Ella no hizo caso de él y volvió a su llamada, escuchando durante un momento.
– Maldita sea, Bill -explotó enfadada en el teléfono-, con lo que cobras, podrías tratar de llegar un poco antes. Demonios, quizá no sea una de tus finas clientas de Londres, pero siempre pago a tocateja. Por Dios, puedes hacerlo en menos de dos horas si te espabilas.
Bill Stanley, un amigo de hacía mucho tiempo, así como abogado, sonrió con una mueca al otro lado de la línea. Acababa de decirle que lo dejara todo para estar ahí en una hora.
– Podría hacerlo en tres horas -sugirió él.
– Eso está mejor -refunfuñó Anne-. Espera, se lo preguntaré -se volvió hacia el inspector-. ¿Piensa llevarme a la comisaría? Mi abogado quiere saber adónde tiene que ir.
– Eso depende completamente de usted, señorita Cattrell. Francamente, estoy un poco desconcertado de momento respecto a por qué desea que su abogado esté presente.
McLoughlin se dio la vuelta con el cuchillo de trinchar y el trapo a salvo en una bolsa de politeno.
– ¡Ah! -exclamó Walsh, sin encubrir su júbilo-. Bien, eso más bien puede ayudarnos en nuestras investigaciones. Con tal que entienda que no existe ningún tipo de coacción, creo que sería más sencillo para todos si prosiguiéramos nuestro interrogatorio en la comisaría.
– Comisaría de policía de Silverbone -le dijo a su abogado-. No, no te preocupes, no diré nada hasta que llegues -colgó y agarró el segundo recibo de McLoughlin-. Y será mejor que no haya nada mío escondido en esa cartera -dijo malévolamente-. Todavía no he conocido a ningún policía que no tuviese las uñas afiladas.
– Ya basta, señorita Cattrell -cortó bruscamente Walsh, preguntándose cómo McLoughlin había conseguido no alterarse con ella. Pero quizá no lo había conseguido y acaso eso explicaba la tensión en el aire-. No tolero los insultos injustificables contra mis agentes. La policía Brownlow esperará con usted mientras tengo unas palabras con el sargento McLoughlin en el pasillo -salió de la habitación tieso-. Bien -dijo, cuando la puerta se cerró tras ellos-, veamos qué tiene -tendió la mano, requiriendo la bolsa de politeno.

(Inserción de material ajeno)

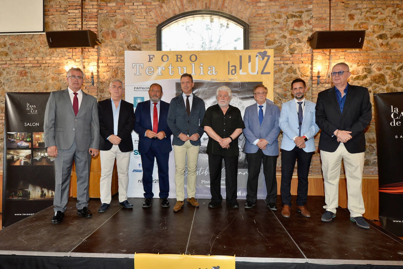 Cristóbal Gabarrón respondió a las preguntas de los invitados a la tertulia de los salones de La Luz, entre los que figuraban el consejero de Presidencia, Marcos Ortuño; las diputadas del PP Miriam Guardiola e Inmaculada Lardín; el exalcalde de Murcia José Ballesta, edil del PP en el Ayuntamiento de Murcia; los empresarios Tomás Fuertes y Miguel del Toro; el director de LA VERDAD, Alberto Aguirre de Cárcer; el director del Museo de Bellas Artes de Murcia, Juan García Sandoval; el crítico y profesor de la UMU José Belmonte, y el exrector de la UMU José Antonio Cobacho. El pintor hizo hincapié en que «la Región necesita de iniciativas que inviertan en cultura» y consideró la educación «lo más importante de una sociedad».

– Es tal como le dije, señor -explicó nervioso Friar-. Lo escondía en su caja fuerte. Y además está el diario, en el que habla de la muerte, de las tumbas y Dios sabe de cuántas cosas más.
– ¿Andy?
McLoughlin se apoyó contra la pared.
– No estoy seguro -dijo. Se encogió de hombros.
– ¿De qué no está seguro? -inquirió impacientemente Walsh.